Return all the lines below exactly as written. Drop every picture.

INFORMATION SUPPLIED |
- - - -

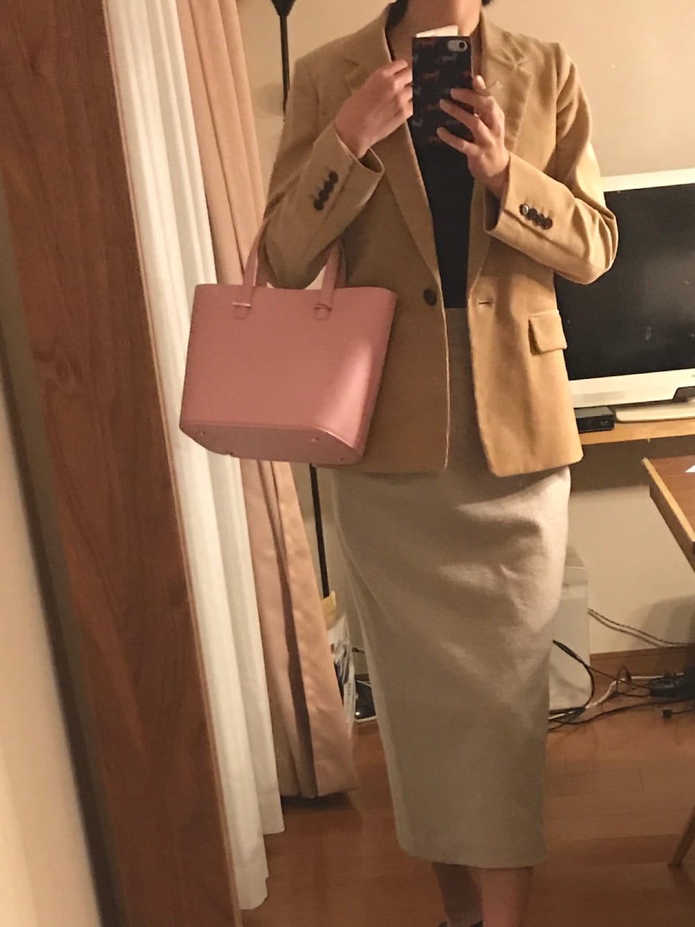 白のタイトスカートはオススメ!女っぽさとスースーしないあたたかな着心地が良いの^ ^ベージュジャケはきれいめにも、かっこいいめにも使いやすい☆
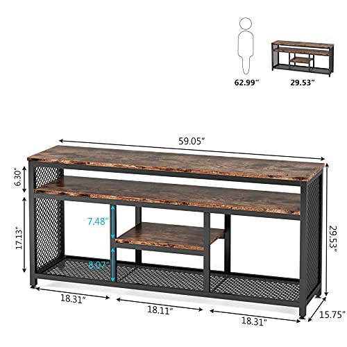 Tribesigns TV Stand for TV up to 60 inches, 4 -Tier TV Console Media Stand with Storage Shelves, Industrial Style Entertainment Center Console Table for Living Room Entryway, Rustic Brown
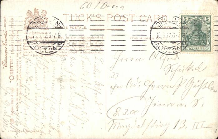 10928202 old postcard Plymouth UK South West Plymouth Picturesque Devon Kuh postalisch gelaufen KatCode: 11570UKK4K41HG

- - - -

SOLUTION FOR THIS EXERCISE |
 白のタイトスカートはオススメ!女っぽさとスースーしないあたたかな着心地が良いの^ ^ベージュジャケはきれいめにも、かっこいいめにも使いやすい☆
 Tribesigns TV Stand for TV up to 60 inches, 4 -Tier TV Console Media Stand with Storage Shelves, Industrial Style Entertainment Center Console Table for Living Room Entryway, Rustic Brown
 10928202 old postcard Plymouth UK South West Plymouth Picturesque Devon Kuh postalisch gelaufen KatCode: 11570UKK4K41HG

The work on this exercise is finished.